Select ‘Blank Sheet’ and choose the desired standard sheet size from the drop down list, or choose and specify a custom size.

After setting the sheet size, check the ‘Create Empty Drawing’ box.

When the drawing opens, you should see a blue rectangle representing the drawing sheet.

Drawing frame & Title Block

It is usual for each sheet to have a frame around the drawing area, and also a Title Block to contain information of various kinds.

The frame is smaller than the sheet size, leaving a border between the frame and the edges of the sheet. The border ensures that the drawing will not have critical information ‘cropped’ by printers not being able to print to the edge of the sheet, nor by minor misalignment when drawings are copied. The Frame also makes it obvious to users of the drawing if part of the drawing has been lost during copying.

Frame/Border details do vary – BS EN ISO 5457 for example specifies a wider border at the left hand side of the sheet, to allow space for filing paper sheets in a binder or folder without encroaching into the drawing area.

To place a Frame, right click on the sheet, select ‘Activate Sketch on Sheet’ – you should now see a red coloured node at bottom left corner of the sheet (at the origin). A Red outline just outside the sheet indicates that Sketch on Sheet is active.

Place a rectangle on the sheet using one of the rectangle sketching tools, position it roughly as required. To position and size the frame accurately you can dimension from the origin point (not from frame sides), using standard or ordinate dimensions.

Title Block

After placing the frame, you can add the title block – using the line tool or rectangle tools. Sizing and precise positioning is again accomplished by adding dimensions. You can dimension from the frame previously added to the sheet, or from the sheet origin. You may also find sketch constraints, and the trim, extend, and theoretical intersection sketch tools useful when producing the title block.

Don’t bother to delete dimensions that are used to help define your frame and title block – they won’t show up in drawings which refer to the template, they may also be useful later if you need to edit the detail of the template.
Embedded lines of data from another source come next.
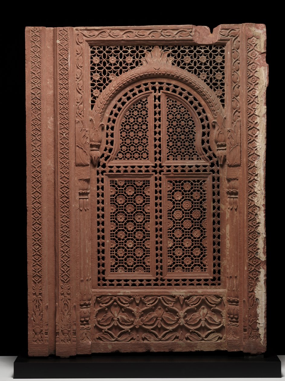 Paar Jali-schermen, c.18e eeuw(Pair of Jali screens, c.18th century (sandstone))School Mughal |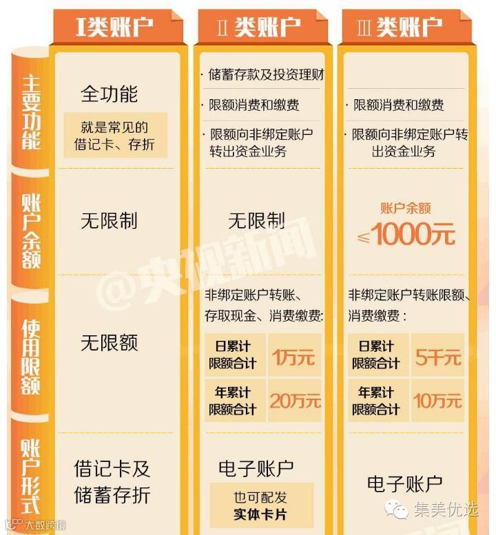简单说,Ⅰ类账户是全功能账户,常见的借记卡就属于Ⅰ类账户;Ⅱ、Ⅲ类账户则是虚拟的电子账户,是在已有Ⅰ类账户基础上增设的两类功能逐级递减,资金风险也逐级递减的账户。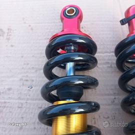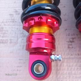 ammortizzatori nuovi a gas regolabili . Per quad , carrelli o moto o altro. sono lunghi 29 cm gli occhielli hanno un diametro di 10 mm.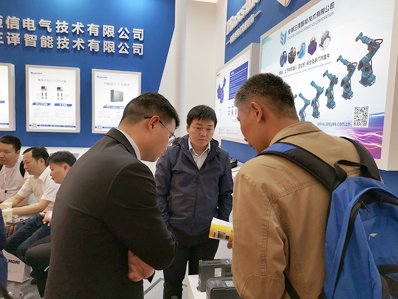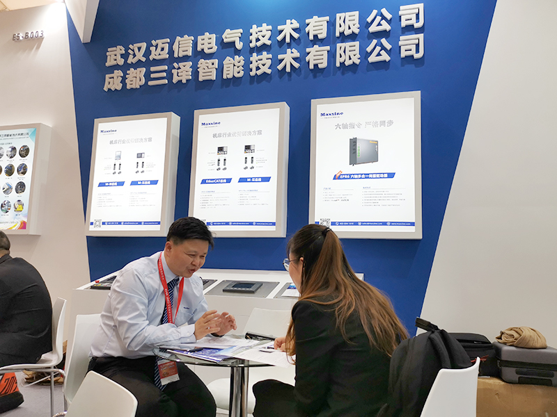 邁信電氣所在的E5館主要展品為數(shù)控系統(tǒng),作為數(shù)控系統(tǒng)的主要構成部分,伺服驅動器與伺服電機是E5館觀眾的主要關注對象。

The following example of a frame and title block has been provided by our Reseller, O‐Punkt.Data fields

Alibre Design has provision for populating data fields (typically within the drawing title block, but can be anywhere on the drawing sheet). Data fields can be filled in by the user, or they can be automatically populated from design properties of the model chosen to drive the drawing in the Design Properties dialogue (accessed from the Drawing Tools portion of the Ribbon).

Data field: Manual

To create a data field that is filled in manually. Select ‘sketch on sheet’, then from the menu bar select Sketch ‐> Text ‐> Field

The following dialogue will appear – under Set Type, choose User Input.

Name: give your field a meaningful name.

Prompt: this is a prompt text that will display to the user.

Text Options: choose text alignment, font, and font size to be used in the field.

Default Value: What is entered here will populate the field if the user doesn’t enter any text. It is also a preview window for the effect of Text Options. 

The symbols box (above right this box) allows selection of commonly used drawing symbols.

Position: The X & Y Values reflect the position of the start of the text field (the red cross‐hairs), you can position by clicking the cursor on the sheet, or by adjusting the X & Y values (or a combination of these methods).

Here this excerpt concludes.